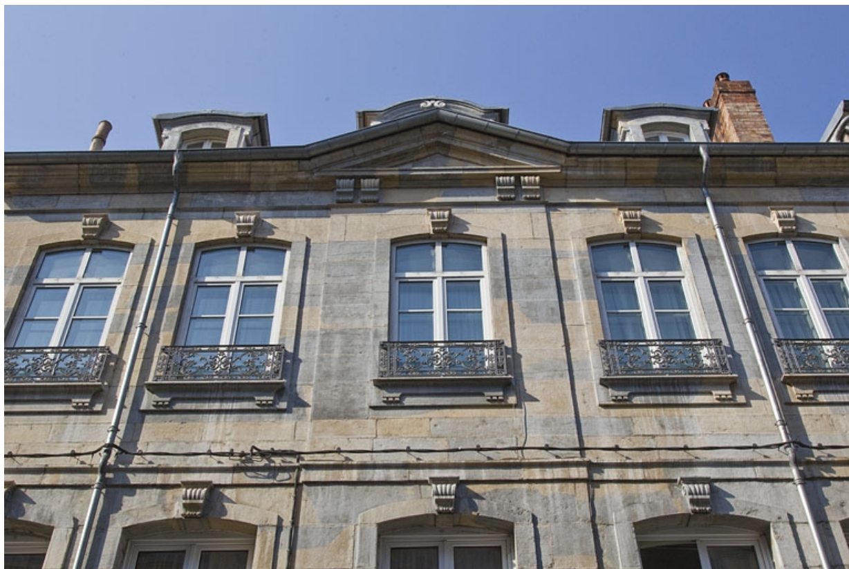
Logis principal, façade sur rue : vue de la partie supérieure, de face.

25, Besançon, 14 rue Mégevand, lieudit : îlot Mairie
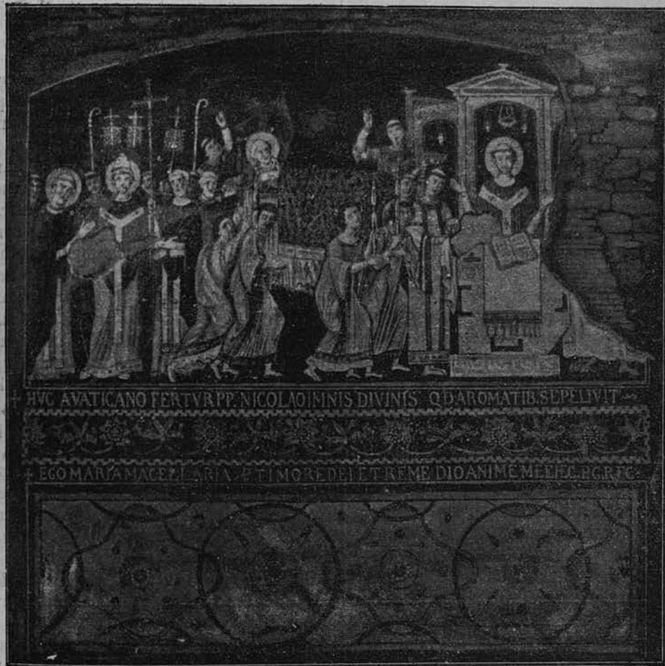
Фреска въ церкви св. Климента изображающая торжественное перенесеніе тѣла св. Кирилла изъ Ватикана въ церковь св. Климента для погребенія.

правственнаго состоянія, залогъ нашего будущаго развитія и преуспѣянія, а вмѣстѣ условіе нашего политическаго значенія. Если русскій народъ не совершенно загрузѣлъ, не лишился человѣческаго образа ни вслѣдствіе почти трехсотлѣтняго монгольскаго ига, ни вслѣдствіе
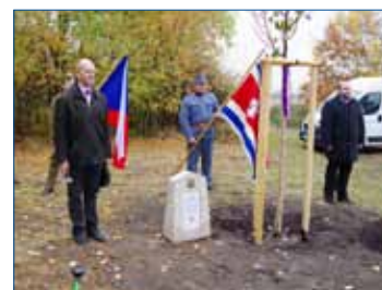
» Slavnost v Knížkovicích zahájila státní hymna.
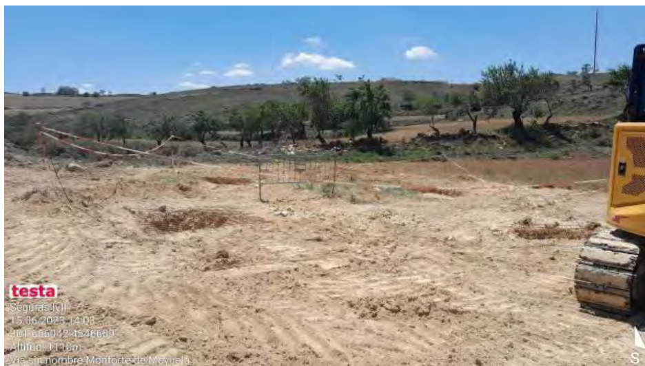
Preparación de los primeros apoyos de LAT ( A-2)
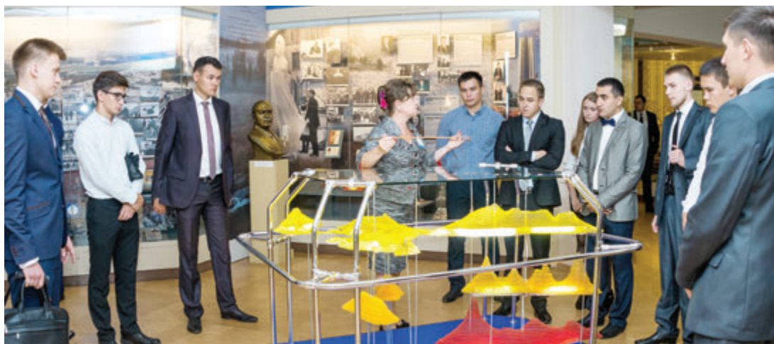
Знакомство с крупнейшим газодобывающим предприятием начинается по традиции с Музея истории Общества
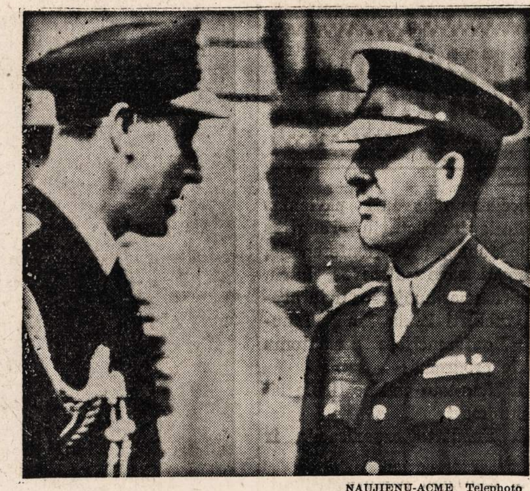
Lt. Gen. Jacob L. Devers (po dešinei) atvyko į Londoną perimti Amerikos ginkluotų jėgų vadovybę.

To niekas negali išaiškinti. Aišku tik viena, kad Stalinas užmušė du demokratinio darbininkų judėjimo vadus, visą savo gyvenimą kovojusiu už darbo žmonių laisvę ir geresnę žmonių ateitį.
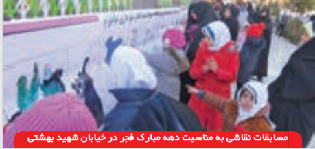
مسابقات نقاشی به مناسبت دهه مبارک فجر در خیابان شهید بهشتی
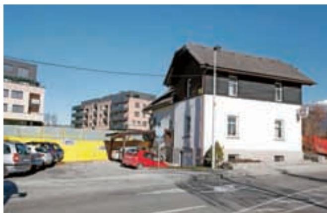
Stavbo Zavarovalnice Triglav, ki se bo kmalu selila v nove prostore na Vurnikovem trgu, bodo spomladi porušili.

ce, čakati še nekaj let. Zato ves ta čas intenzivno iščemo rešitve, kako priti do preostanka potrebnih sredstev, to
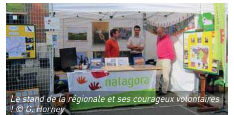
Le stand de la régionale et ses courageux volontaires !
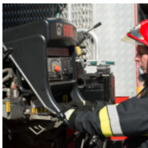
Piknik strażacki we Wrocławiu
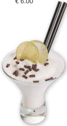
409 SORBETTO AL LIMONE
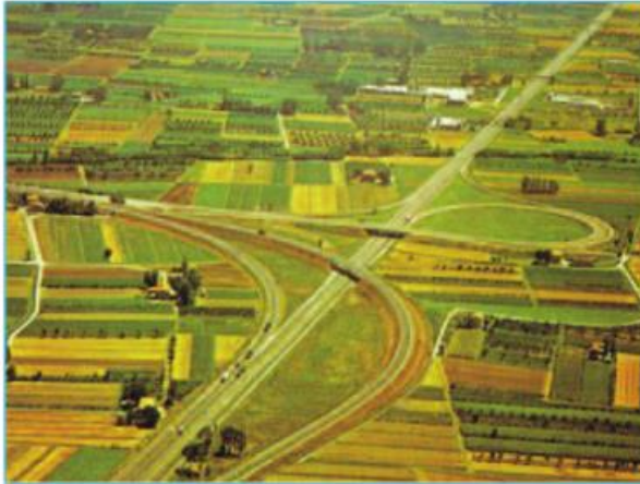
Hình 14.1 - Quang cảnh đồng ruộng ở I-ta-li-a
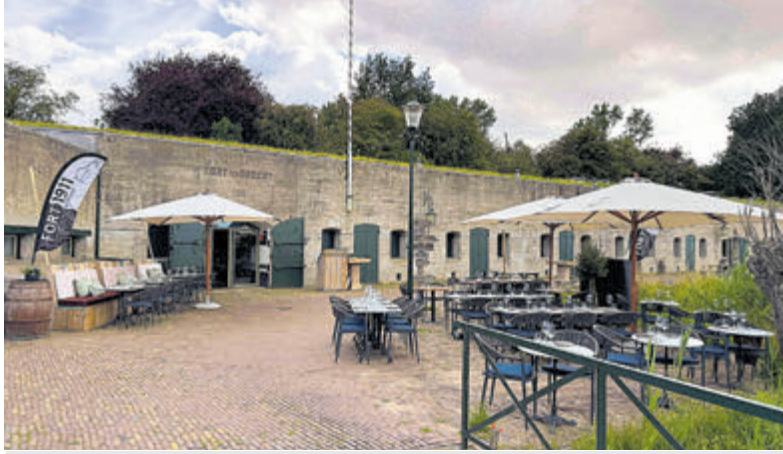
Brasserie Fort 1911 in het Fort aan de Drecht.
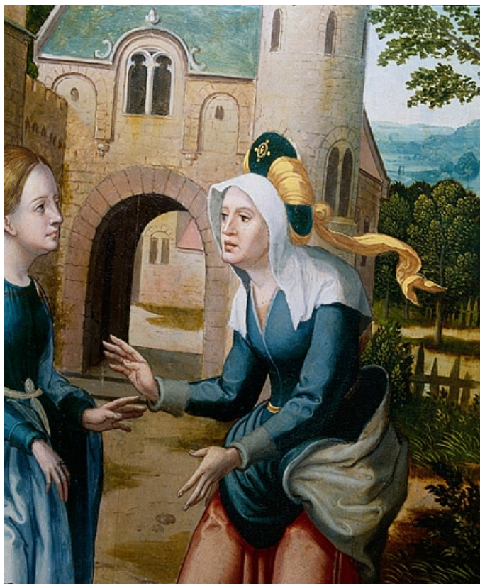
Face interne du volet gauche : la Visitation, détail : sainte Elisabeth (après restauration). 39, Baume-les-Messieurs
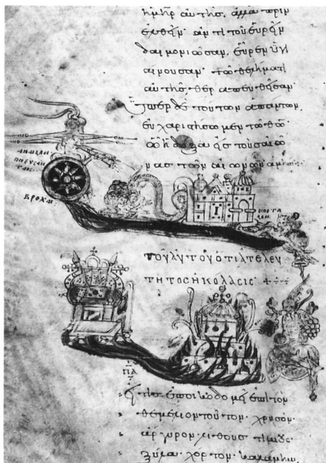
Fig. 7. Athènes B.N., codex 211, fol. 151v (Marava-Chatzinicolaou et Toufexi-Paschou 1997).

Nos deux Ekphrasis permettraient une connaissance, pas tant du “contenu” des compositions décrites que de ce que
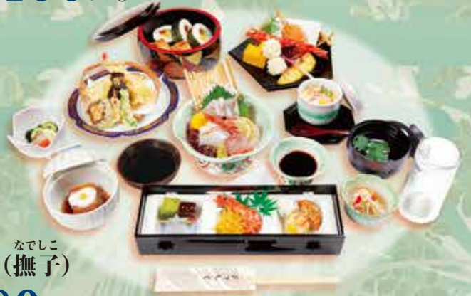
◆法事会席(撫子) 3,780円 (税込)
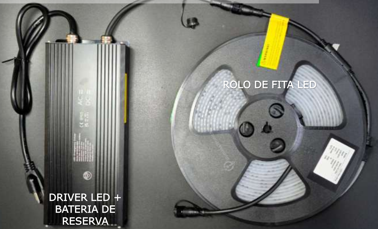
DRIVER LED + BATERIA DE RESERVA
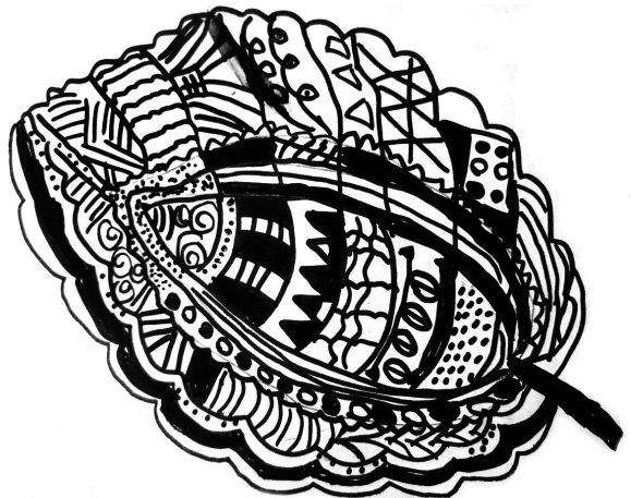
树叶 开源路小学四(2)班 李明倩（指导老师：李会玲）
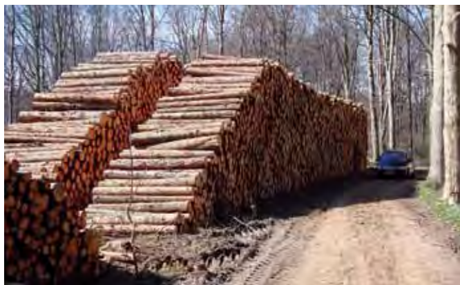
Rådgivningen og håndteringen i forbindelse med salg af råtræ er måske en af de væsentlige årsager til at være medlem af en skovdyrkerforening.

For det enkelte medlem drejer det sig bl.a. om at få solgt sine produkter fra skoven bedst muligt. Vi er løbende opmærksomme på mulighederne i såvel den traditionelle afsætning af tømmer og kævler til savværker som på mulighederne for salg af specialeffekter som piloteringspæle, flagstænger, finérkævler i løvtræ m.v.
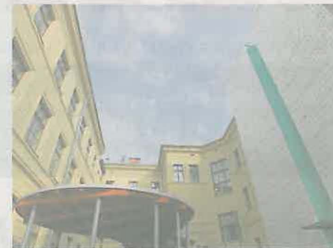
Altán nejen pro studenty Ve dvoře historické budovy vyrostl altán, který umožní venku pořádát nejrůznější akce.

Sklobili historii se současností Rekonstrukce historické části univerzitního objektu se uskutečnila na ploše sedmi tisíc metrů čtverečných a týkala se více než 190 místností včetně dvorního traktu.
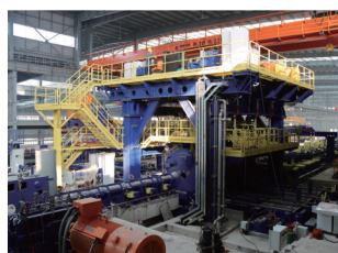
常宝普莱森特种专用管材生产线项目现场
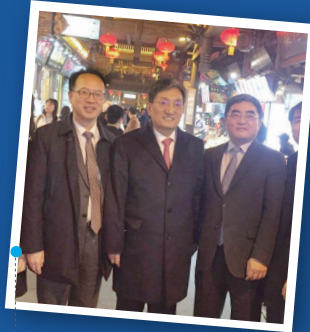
2017년 12월 문재인 대통령 총칭 대한민국임시정부 청사 방문 시 촬영된 당시 주중국대사와 함께
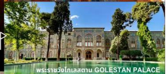
พระราชวังโกเลสถาน GOLESTAN PALACE
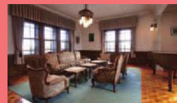
回遊式庭園も素晴らしい

大正時代に建設された3階建ての本格的洋風建築ですが、後に和館や茶室も増築され、和洋折衷の住宅になっています。本格的な池泉回遊式日本庭園も必見です(有料)。

--- Brief ---
What do the entries above read from the line containing "مسابقات نقاشی به" through the line containing "Le stand de"? Output those lines exactly, both ends included, with the pictures left out.

--- Your solution ---
مسابقات نقاشی به مناسبت دهه مبارک فجر در خیابان شهید بهشتی
Stavbo Zavarovalnice Triglav, ki se bo kmalu selila v nove prostore na Vurnikovem trgu, bodo spomladi porušili.

ce, čakati še nekaj let. Zato ves ta čas intenzivno iščemo rešitve, kako priti do preostanka potrebnih sredstev, to
Le stand de la régionale et ses courageux volontaires !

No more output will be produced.